PROBLEM DESCRIPTION:
With every picture left out, give the data below back exactly.

MATERIAL FOR THE TASK:
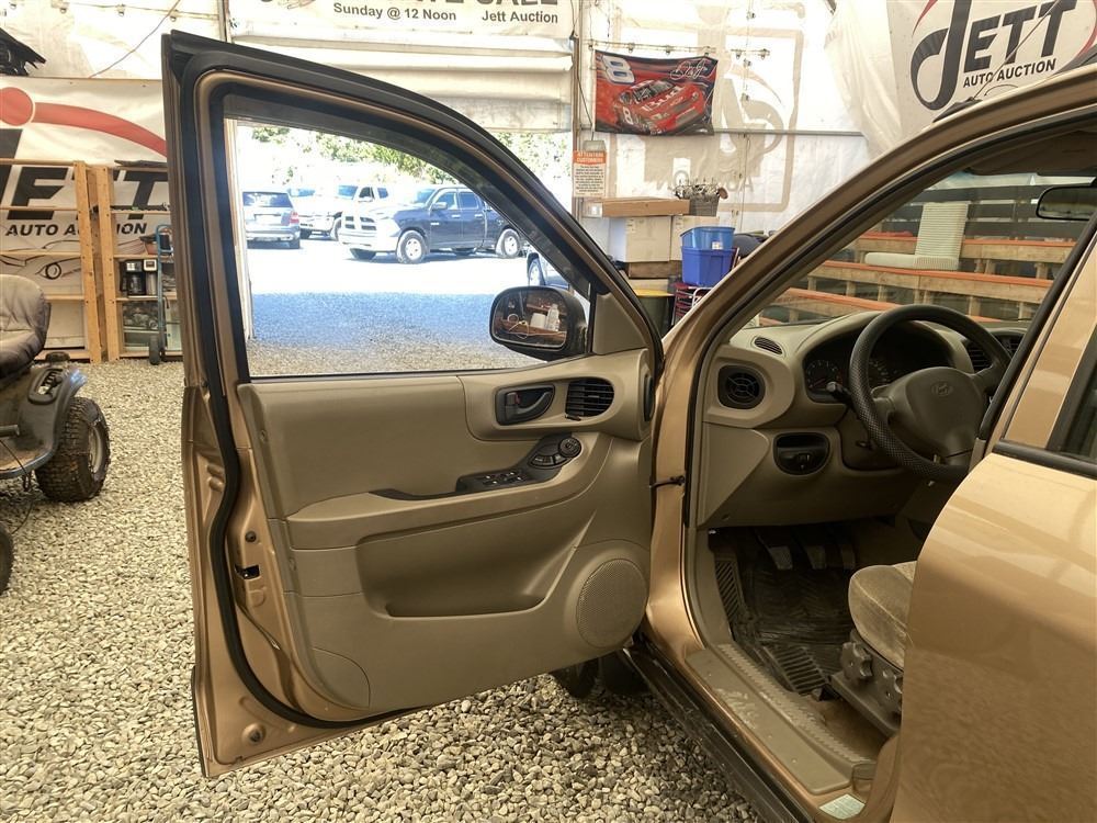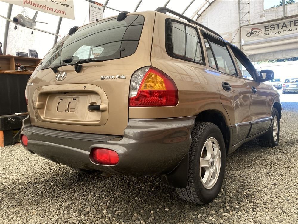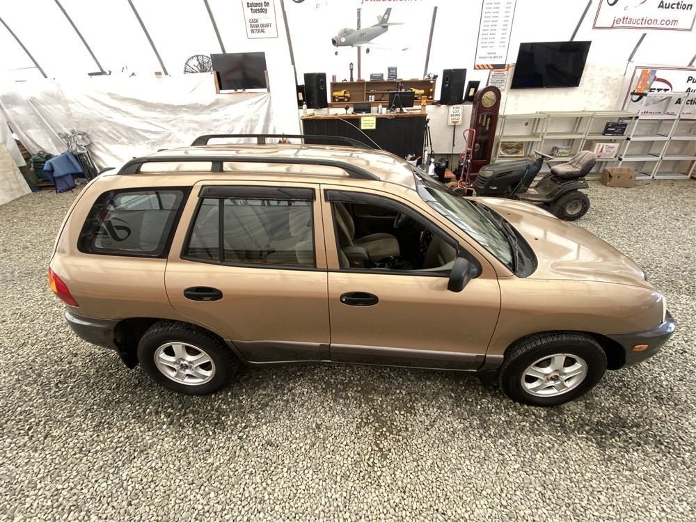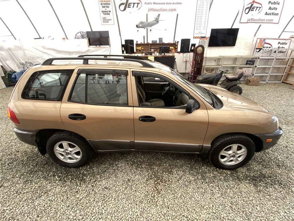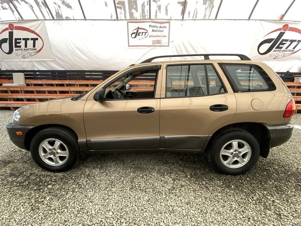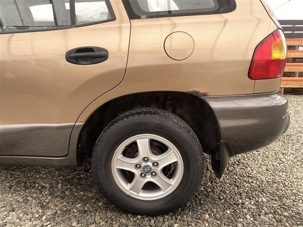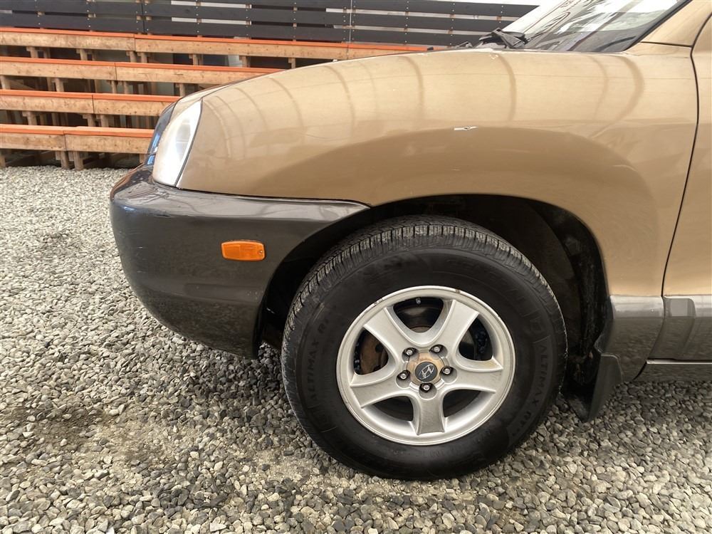 "2002 HYUNDAI SANTA FE GL, GOLD, 213088 KMS, 2.4L, 4 CYLINDER, GASOLINE, MANUAL, TRANSMISSION, FRONT WHEEL DRIVE, 5 PASSENGER. DECLARATIONS:1 ACCIDENTS, 0 GLASS CLAIM, TOTALING $638.POWER WINDOWS, TILT STEERING, ALLOY WHEELS, ANTI THEFT, DUAL AIR BAGS, CD PLAYER, AFTERMARKET STEREO, ROOF RACK, POWER MIRRORS, SPLIT-FOLDING REAR SEATS, AUCTION NOTES: NOT SUITABLE FOR TRANSPORTATION, MUST TOW
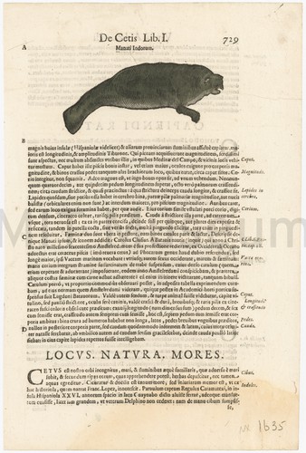 Colored engraving of a beached whale with a pink underbelly. A seabird stands to its left. In the background are a number of ships with sails and rowboats driving a large group of whales towards the shore on the right-hand side of the print, where a number of men, represented by stick figures, are shown rushing towards the whales. Below the image is printed, "Shetland Whale Hunt."
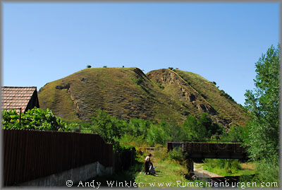 Als Ersatz wollten wir stattdessen eigentlich die Ruine auf dem Riesenberg bei Orlat (Winsberg) besuchen. Aber auch dort mussten wir feststellen, dass es keinen direkten (sowie erst Recht keinen befahrbaren Weg) gab und der Berg erst über ein Plateau hätte umrundet werden müssen, was ebenfalls wieder zu lange gedauert hätte. Also falls jemand im Sommer 2009 Lust hat, mit mir wieder weite Wege zu abgelegenen Ruinenresten in Rumänien zu laufen, kann er sich ja schon mal melden... ;-)
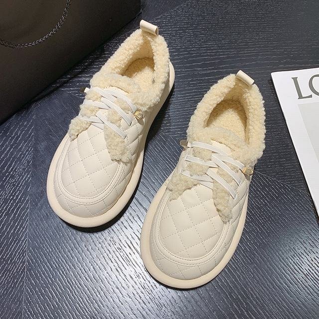 - モカシン ムートンパンプス ボアシューズ キルディング ファーシューズ レディース 裏起毛 フラットシューズ 防寒 靴 米色22.5 cm
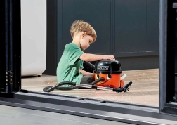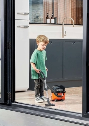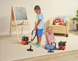 El popular HENRY en versión infantil convierte la limpieza en diversión. Su diseño real con carita sonriente, cuatro ruedas y tubo transparente entusiasma a los pequeños ayudantes. La aspiradora realmente aspira suciedad pequeña y ligera (p. ej., confeti o bolitas de poliestireno) y sigue siendo suave y segura desde los 3 años.
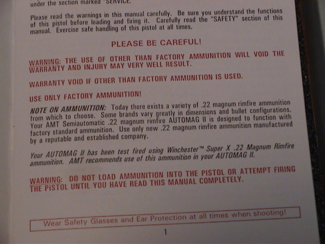 I just looked up this question about the ammo. Found it stamped on the inside of the AutomagII box cover and printed inside the instruction manual of my 4.5 version. I think this is an early version because it was in a heavy duty box like the other AM III-V. I also check my 6" version which is a flimsy box with plastic insert holder, found no markings on the inside box cover or in the manual about ammo selection BUT it had a paper insert in the box with advice on what ammo to use.
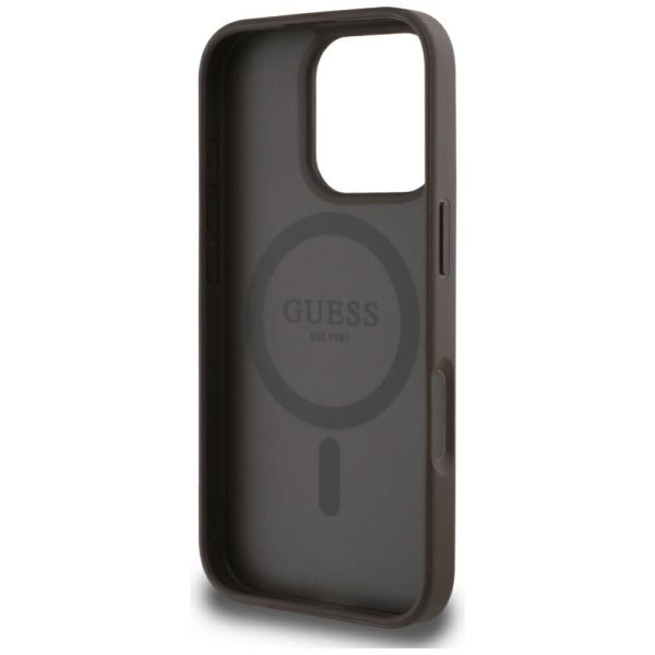 Muud kaubad Guess Guess Grained Hot Stamp Peony Triangle Logo MagSafe iPhone 16 Pro Max Case – Brown
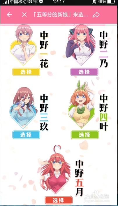 这时我们标的目的下拉页面,就可以看到动漫《五等分的新娘》里的脚色,大师点击脚色底下的【选择】选择本身喜好的脚色,建议多点几回,页面弹出【本周您已选择真爱】就代表投票当作功啦!好想全都要啊啊啊啊啊啊
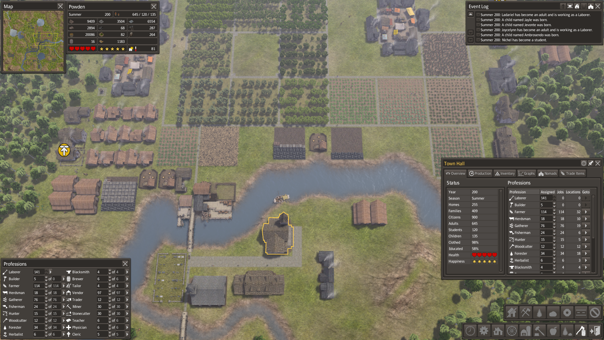 Wie man sieht, sind mir am Ende die Werkzeuge ausgegangen, weil ich nicht genug Eisen gefördert habe. Ich habe dem aber nur wenig entgegengesteuert, da die Zeit für das Achievement fast um war und ich ganz rücksichtslos darauf hin gespielt habe. Nachdem ich den ersten Winter gut überstanden habe, genug Feuerholz produziert wurde und ein Schmied sowie Schneider da waren, habe ich versucht so schnell wie möglich ein Bevölkerungswachstum hervorzurufen. (Mit dem Hintergedanken, dass es egal ist, wenn ein paar (viele) Leute draufgehen, so lange man genug Nachschub hat und die Versorgung einigermaßen passt.) Primär habe ich die Expansion mit Sammler, Förster, Jäger + 5 Hütten vorangetrieben. Nach der ersten Expansion kamen auch noch zwei Fischer dazu. Nach der zweiten Expansion kam der Steinbruch (+ 5 Hütten), weil Steine langsam rar wurden. Ich hatte zu dem Zeitpunkt ca. 5000 Nahrung und ein Plus von etwa 500 Nahrung/Jahr. Ich habe dann (etwa 10 Jahre nach Überschreiten der 50-Leute-Grenze) noch zwei Fischer gebaut und bin innerhalb von zwei Jahren in eine arge Hungersnot gekommen. Dadurch sind um die 40 von über 100 Leuten gestorben. Eindämmen konnte ich das durch das Einstellen der Fischertätigkeit und einem weiteren Expansions-Punkt mit Sammlern. Merke: wenn man Fischer haben will, sollten mindestens Hütten in der Nähe stehen, besser auch noch ein Lager. Nach dem Schock zur Halbzeit brach dann auch noch eine Epidemie aus, weshalb ich schnell noch ein Krankenhaus bauen musste. Aber immerhin ging es mit der Nahrung wieder aufwärts. Nach nur 5 Jahren waren wieder 8000 Einheiten verfügbar und die Bevölkerung wieder auf etwa 80 Leute angewachsen. Jetzt ging Eisen und damit auch die Werkzeuge zu neige, weshalb ich angefangen habe Minen zu bauen. Die fördern allerdings so wenig zu Tage, dass ich etwa anderthalb Jahre vor Ablauf der Frist das letzte Werkzeug rausgegeben habe. Dann habe ich den gehofft und gewartet während immer weniger Leute vernünftiges Werkzeug für ihre Arbeit hatten und damit alles so langsam den Bach runter ging. Die gesunkene Produktion von Nahrung ließ das Polster dahinschmelzen, es wurde nicht mehr genug Holz und damit auch nicht genug Feuerholz produziert, so dass es in den meisten Hütten kalt blieb. Und natürlich konnten dadurch auch keine neuen Werkzeuge und Kleidung mehr hergestellt werden. Das Schicksal wollte ich den Bewohnern ersparen und habe mit Erreichen des Achievements die Zeit gestoppt. ;-)

EXERCISE RESPONSE:
 "2002 HYUNDAI SANTA FE GL, GOLD, 213088 KMS, 2.4L, 4 CYLINDER, GASOLINE, MANUAL, TRANSMISSION, FRONT WHEEL DRIVE, 5 PASSENGER. DECLARATIONS:1 ACCIDENTS, 0 GLASS CLAIM, TOTALING $638.POWER WINDOWS, TILT STEERING, ALLOY WHEELS, ANTI THEFT, DUAL AIR BAGS, CD PLAYER, AFTERMARKET STEREO, ROOF RACK, POWER MIRRORS, SPLIT-FOLDING REAR SEATS, AUCTION NOTES: NOT SUITABLE FOR TRANSPORTATION, MUST TOW
 Colored engraving of a beached whale with a pink underbelly. A seabird stands to its left. In the background are a number of ships with sails and rowboats driving a large group of whales towards the shore on the right-hand side of the print, where a number of men, represented by stick figures, are shown rushing towards the whales. Below the image is printed, "Shetland Whale Hunt."
 Als Ersatz wollten wir stattdessen eigentlich die Ruine auf dem Riesenberg bei Orlat (Winsberg) besuchen. Aber auch dort mussten wir feststellen, dass es keinen direkten (sowie erst Recht keinen befahrbaren Weg) gab und der Berg erst über ein Plateau hätte umrundet werden müssen, was ebenfalls wieder zu lange gedauert hätte. Also falls jemand im Sommer 2009 Lust hat, mit mir wieder weite Wege zu abgelegenen Ruinenresten in Rumänien zu laufen, kann er sich ja schon mal melden... ;-)
 - モカシン ムートンパンプス ボアシューズ キルディング ファーシューズ レディース 裏起毛 フラットシューズ 防寒 靴 米色22.5 cm
 El popular HENRY en versión infantil convierte la limpieza en diversión. Su diseño real con carita sonriente, cuatro ruedas y tubo transparente entusiasma a los pequeños ayudantes. La aspiradora realmente aspira suciedad pequeña y ligera (p. ej., confeti o bolitas de poliestireno) y sigue siendo suave y segura desde los 3 años.
 I just looked up this question about the ammo. Found it stamped on the inside of the AutomagII box cover and printed inside the instruction manual of my 4.5 version. I think this is an early version because it was in a heavy duty box like the other AM III-V. I also check my 6" version which is a flimsy box with plastic insert holder, found no markings on the inside box cover or in the manual about ammo selection BUT it had a paper insert in the box with advice on what ammo to use.
 Muud kaubad Guess Guess Grained Hot Stamp Peony Triangle Logo MagSafe iPhone 16 Pro Max Case – Brown
 这时我们标的目的下拉页面,就可以看到动漫《五等分的新娘》里的脚色,大师点击脚色底下的【选择】选择本身喜好的脚色,建议多点几回,页面弹出【本周您已选择真爱】就代表投票当作功啦!好想全都要啊啊啊啊啊啊
 Wie man sieht, sind mir am Ende die Werkzeuge ausgegangen, weil ich nicht genug Eisen gefördert habe. Ich habe dem aber nur wenig entgegengesteuert, da die Zeit für das Achievement fast um war und ich ganz rücksichtslos darauf hin gespielt habe. Nachdem ich den ersten Winter gut überstanden habe, genug Feuerholz produziert wurde und ein Schmied sowie Schneider da waren, habe ich versucht so schnell wie möglich ein Bevölkerungswachstum hervorzurufen. (Mit dem Hintergedanken, dass es egal ist, wenn ein paar (viele) Leute draufgehen, so lange man genug Nachschub hat und die Versorgung einigermaßen passt.) Primär habe ich die Expansion mit Sammler, Förster, Jäger + 5 Hütten vorangetrieben. Nach der ersten Expansion kamen auch noch zwei Fischer dazu. Nach der zweiten Expansion kam der Steinbruch (+ 5 Hütten), weil Steine langsam rar wurden. Ich hatte zu dem Zeitpunkt ca. 5000 Nahrung und ein Plus von etwa 500 Nahrung/Jahr. Ich habe dann (etwa 10 Jahre nach Überschreiten der 50-Leute-Grenze) noch zwei Fischer gebaut und bin innerhalb von zwei Jahren in eine arge Hungersnot gekommen. Dadurch sind um die 40 von über 100 Leuten gestorben. Eindämmen konnte ich das durch das Einstellen der Fischertätigkeit und einem weiteren Expansions-Punkt mit Sammlern. Merke: wenn man Fischer haben will, sollten mindestens Hütten in der Nähe stehen, besser auch noch ein Lager. Nach dem Schock zur Halbzeit brach dann auch noch eine Epidemie aus, weshalb ich schnell noch ein Krankenhaus bauen musste. Aber immerhin ging es mit der Nahrung wieder aufwärts. Nach nur 5 Jahren waren wieder 8000 Einheiten verfügbar und die Bevölkerung wieder auf etwa 80 Leute angewachsen. Jetzt ging Eisen und damit auch die Werkzeuge zu neige, weshalb ich angefangen habe Minen zu bauen. Die fördern allerdings so wenig zu Tage, dass ich etwa anderthalb Jahre vor Ablauf der Frist das letzte Werkzeug rausgegeben habe. Dann habe ich den gehofft und gewartet während immer weniger Leute vernünftiges Werkzeug für ihre Arbeit hatten und damit alles so langsam den Bach runter ging. Die gesunkene Produktion von Nahrung ließ das Polster dahinschmelzen, es wurde nicht mehr genug Holz und damit auch nicht genug Feuerholz produziert, so dass es in den meisten Hütten kalt blieb. Und natürlich konnten dadurch auch keine neuen Werkzeuge und Kleidung mehr hergestellt werden. Das Schicksal wollte ich den Bewohnern ersparen und habe mit Erreichen des Achievements die Zeit gestoppt. ;-)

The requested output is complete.